* Problem to solve: Look below for the line that has "Youll just need". Set down the lines from there through the line that has "Round Button with", exactly as written.

* Given entries:
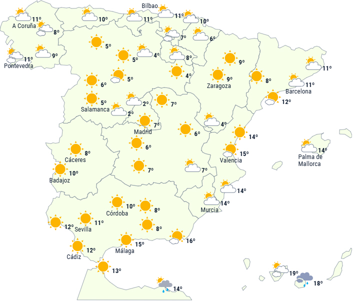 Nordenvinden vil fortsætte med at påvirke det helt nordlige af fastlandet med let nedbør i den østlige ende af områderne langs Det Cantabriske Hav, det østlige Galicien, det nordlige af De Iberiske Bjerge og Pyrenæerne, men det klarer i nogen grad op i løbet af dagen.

--

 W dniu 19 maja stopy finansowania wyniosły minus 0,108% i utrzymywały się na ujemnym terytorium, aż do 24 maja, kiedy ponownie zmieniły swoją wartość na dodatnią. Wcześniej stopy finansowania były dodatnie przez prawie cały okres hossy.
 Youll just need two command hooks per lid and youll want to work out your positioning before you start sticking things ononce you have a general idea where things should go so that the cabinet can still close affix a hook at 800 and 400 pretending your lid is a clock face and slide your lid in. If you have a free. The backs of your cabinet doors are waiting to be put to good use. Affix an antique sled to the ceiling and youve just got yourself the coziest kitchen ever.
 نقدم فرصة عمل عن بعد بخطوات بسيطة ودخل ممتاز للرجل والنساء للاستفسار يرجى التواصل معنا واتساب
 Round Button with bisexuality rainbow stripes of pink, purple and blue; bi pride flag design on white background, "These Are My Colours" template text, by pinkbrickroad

...

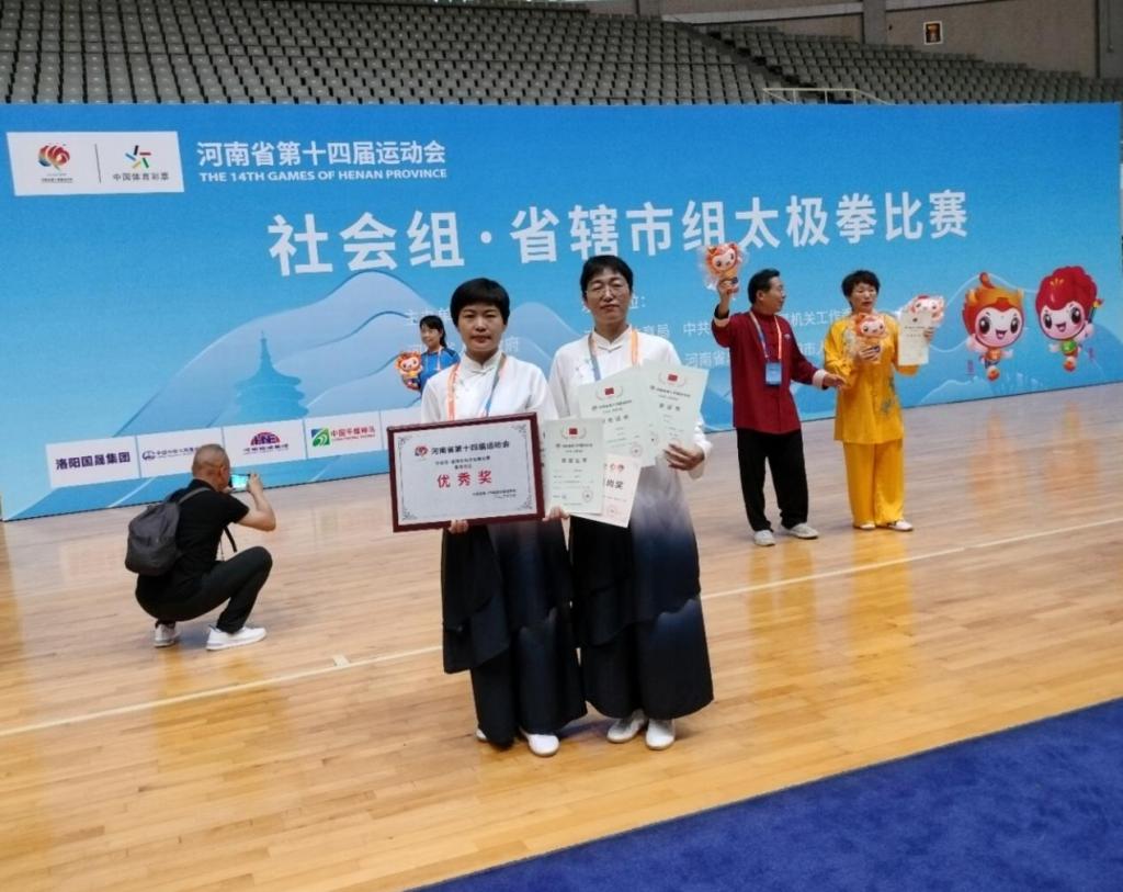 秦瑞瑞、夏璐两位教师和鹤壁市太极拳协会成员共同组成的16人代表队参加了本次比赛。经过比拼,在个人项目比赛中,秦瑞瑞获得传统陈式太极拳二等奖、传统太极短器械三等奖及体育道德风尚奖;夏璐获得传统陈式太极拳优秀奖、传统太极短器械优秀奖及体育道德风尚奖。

* Answer for this exercise:
 Youll just need two command hooks per lid and youll want to work out your positioning before you start sticking things ononce you have a general idea where things should go so that the cabinet can still close affix a hook at 800 and 400 pretending your lid is a clock face and slide your lid in. If you have a free. The backs of your cabinet doors are waiting to be put to good use. Affix an antique sled to the ceiling and youve just got yourself the coziest kitchen ever.
 نقدم فرصة عمل عن بعد بخطوات بسيطة ودخل ممتاز للرجل والنساء للاستفسار يرجى التواصل معنا واتساب
 Round Button with bisexuality rainbow stripes of pink, purple and blue; bi pride flag design on white background, "These Are My Colours" template text, by pinkbrickroad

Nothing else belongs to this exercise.